Der Antragsteller trägt die Kosten des Beschwerdeverfahrens.
Der Streitwert wird auch für das Beschwerdeverfahren auf 7.500,00 EUR festgesetzt.
Entscheidungsgründe
Die Beschwerde des Antragstellers gegen die Versagung vorläufigen Rechtsschutzes durch den Beschluss des Verwaltungsgerichts Münster vom 3.4.2017 wird verworfen. Der Antragsteller trägt die Kosten des Beschwerdeverfahrens. Der Streitwert wird auch für das Beschwerdeverfahren auf 7.500,00 EUR festgesetzt. Die Beschwerde des Antragstellers ist unzulässig. Ihm fehlt das Rechtsschutzinteresse. Das Rechtsschutzinteresse ist zu verneinen, wenn die Inanspruchnahme gerichtlichen Rechtsschutzes nicht zu einer Verbesserung der Rechtsstellung des Antragstellers führen kann. Vgl. OVG NRW, Beschluss vom 9.6.2016 – 4 B 1437/15 –, GewArch 2016, 434 = juris, Rn. 3 f., m. w. N. Das ist hier der Fall. Der Antragsteller hat sein Gewerbe zum 1.5.2017 vollständig abgemeldet und trotz gerichtlicher Anfrage keine Anhaltspunkte dafür mitgeteilt, weshalb das Rechtsschutzinteresse an einer Wiederherstellung bzw. Anordnung der aufschiebenden Wirkung seiner Klage gleichwohl fortbestehen sollte. Ausgehend davon geht der Senat mangels abweichender Anhaltspunkte von einer Aufgabe der von der angefochtenen Ordnungsverfügung betroffenen Betriebsstätte aus. Vgl. auch OVG NRW, Beschluss vom 7.7.2016 – 4 B 172/16 –, juris, Rn. 4 f., m. w.
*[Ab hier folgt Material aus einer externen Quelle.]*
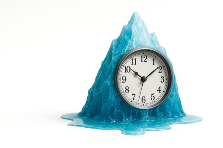 A clock covered in ice on a clean background. Space for text
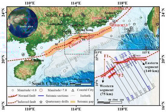 Dai, X.; Li, Z.; Hu, L.; Zhang, P.; Yang, X.; Almeida, R.; Li, G. Exploring Fault Geometry and Holocene Deformation of the Littoral Fault Zone within the Seismic Gap South of Greater Bay Area, China. J. Mar. Sci. Eng. 2024, 12, 1350. https://doi.org/10.3390/jmse12081350

N. Hat aber der Antragsteller seinen Gaststättenbetrieb aufgegeben, so beschwert es ihn nicht mehr, wenn er bis zum Abschluss des Klageverfahrens von der dafür erteilten Gaststättenerlaubnis keinen Gebrauch machen darf. Die Kostenentscheidung folgt aus § 154 Abs. 2 VwGO. Die Streitwertfestsetzung beruht auf §§ 47 Abs. 1, 52 Abs. 1, 53 Abs. 2 Nr. 2 GKG. Dieser Beschluss ist unanfechtbar (§ 152 Abs. 1 VwGO, § 68 Abs. 1 Satz 5 i. V. m. § 66 Abs. 3 Satz 3 GKG).